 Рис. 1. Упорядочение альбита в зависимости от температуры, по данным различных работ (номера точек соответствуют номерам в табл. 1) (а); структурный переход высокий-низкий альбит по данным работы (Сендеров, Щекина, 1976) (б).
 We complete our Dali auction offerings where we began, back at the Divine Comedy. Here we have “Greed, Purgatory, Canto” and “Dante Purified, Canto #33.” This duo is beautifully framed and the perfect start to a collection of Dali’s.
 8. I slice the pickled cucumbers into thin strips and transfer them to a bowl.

==

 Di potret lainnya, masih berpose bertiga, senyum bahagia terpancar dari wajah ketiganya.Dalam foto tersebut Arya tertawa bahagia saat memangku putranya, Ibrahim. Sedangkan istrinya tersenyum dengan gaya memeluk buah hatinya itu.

* * *

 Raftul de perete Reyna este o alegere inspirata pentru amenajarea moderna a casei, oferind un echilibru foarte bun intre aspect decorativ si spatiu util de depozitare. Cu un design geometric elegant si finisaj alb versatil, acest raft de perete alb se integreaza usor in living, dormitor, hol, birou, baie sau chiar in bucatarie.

Task directions:
For the lines above, output exactly those from the line containing "We complete our" through the line containing "8. I slice the", and skip the others.

Exercise answer:
 We complete our Dali auction offerings where we began, back at the Divine Comedy. Here we have “Greed, Purgatory, Canto” and “Dante Purified, Canto #33.” This duo is beautifully framed and the perfect start to a collection of Dali’s.
 8. I slice the pickled cucumbers into thin strips and transfer them to a bowl.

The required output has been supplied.